These private strategy sessions, conducted via conference call, were far more extensive and consequential than previously reported, according to a partial transcript obtained by the Washington Free Beacon. In the interest of journalistic integrity, we are reprinting the transcript (lightly edited for clarity; heavily edited for language) below. Enjoy!

ANDREW CUOMO: Shut the f—k up, Fredo. I ain't f—ing resigning!

CHRIS CUOMO: Calm the f—k down, bro. No one's saying that.

A. CUOMO: You're acting like I'm Anthony f—ing Weiner over here. Me? A pervert? I'm a flirtatious guy, okay?

ANTHONY WEINER: With all due respect, Mr. Governor, we're here to help.

A. CUOMO: Then f—ing help, d—wad! Forgive me for preferring a legal piece of ass, you sick f—k. I am not a criminal!

C. CUOMO: You're not a criminal, but we need a strategy. We need to shape the narrative.

A. CUOMO: They're f—ing liars, that's the narrative!

C. CUOMO: Agreed.

JEFF ZUCKER: Agreed.

A. CUOMO: I mean, look at me. Do I look like someone who needs to harass? Women love me.

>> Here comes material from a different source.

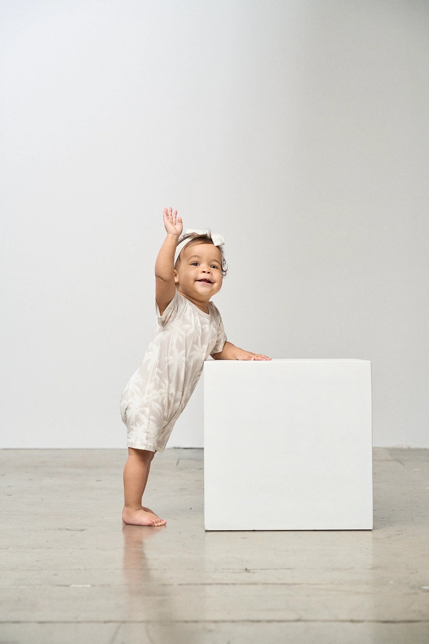 This Little Bipsy romper brings all the tropical energy in a cool frost color with our custom palm print. Soft, stretchy, and made for sunny day adventures, it features a handy front pocket, easy snap leg openings for quick diaper changes.

RALPH NORTHAM: If I may, Mr. Governor. We're all Democrats here, right? Deny everything, ignore it, and there's a good chance the media will stop caring. Worked for me.

ZUCKER: Good point, Mr. Governor. Bill, what's your take?

BILL CLINTON: My take? He's not even married. What's the big deal?

C. CUOMO: Agreed.

HILLARY CLINTON: Agreed.

A. CUOMO: That's a great point, Mr. President.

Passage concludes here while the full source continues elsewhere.